3. The Fragile by Nine Inch Nails
It’s long, but there’s a lot of great, complex songs to dig into.
4. Black Holes & Revelations by Muse
Muse has always been a stunning band, and with this release, they play to their strengths. There is an obvious addition of electronica elements added to their hard-rocking, Queen-esque sound, as well.
5. Pinkerton by Weezer
Quirky, off-beat, and catchy could sum this record up well. Full of raw confessions and blaring guitars, it’s a definite departure from their debut, and arguably their best work.
6. Binaural by Pearl Jam
Pearl Jam took a big leap here,s tepping into unchardted territory while creating meaningful songs that ignore their “grunge” label.
7. Shangri – La Dee Da by Stone Temple Pilots
Lots of psychedelic elements mixed with STP’s traditional hard-rocking/alternative sound.

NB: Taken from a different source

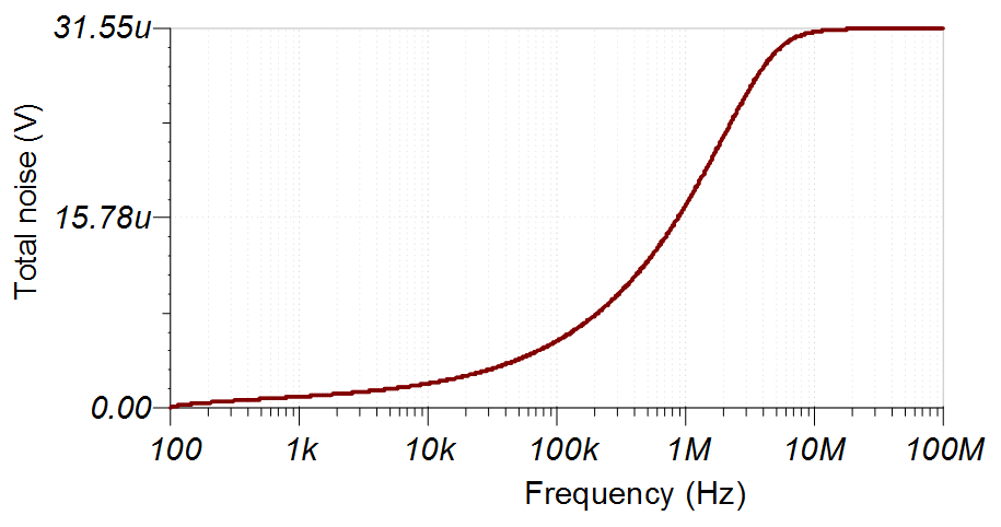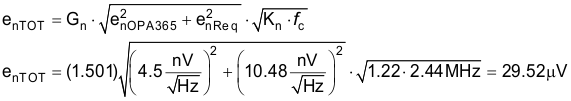 以下噪聲計算考慮了電阻器網(wǎng)絡的熱噪聲、放大器噪聲以及濾波器的帶寬限制。計算得出的總噪聲為 29.52μV,仿真得到的總噪聲為 31.55μV。有關放大器噪聲計算的詳細理論,請參閱運算放大器噪聲計算 視頻;有關數(shù)據(jù)轉換器噪聲,請參閱計算 ADC 系統(tǒng)的總噪聲 視頻。

It’s more “them” then any prior work.
8. Title of Record by Filter
Moving from their atypical industrial sound, the fury actually lets up for a few moments with slower tracks like “Take a Picture”, all while new textures blend with and explore the band’s sound.
9. Into the Wild by Eddie Vedder
A folksy, ambitious solo album from Pearl Jam’s lead singer that merges perfectly with the movie it scores.
10. Superunknown by Soundgarden
Cornell’s voice is Earth-shattering, and as a whole the record is very cohesive and muscular.
11. The Colour and the Shape by Foo Fighters
Take the drummer from Nirvana, give him a backing band, and add his throat-shredding vocalls and aggressive power-chords and you get an album that’s a perfect snapshot of mid-90s rock after the grunge explosion.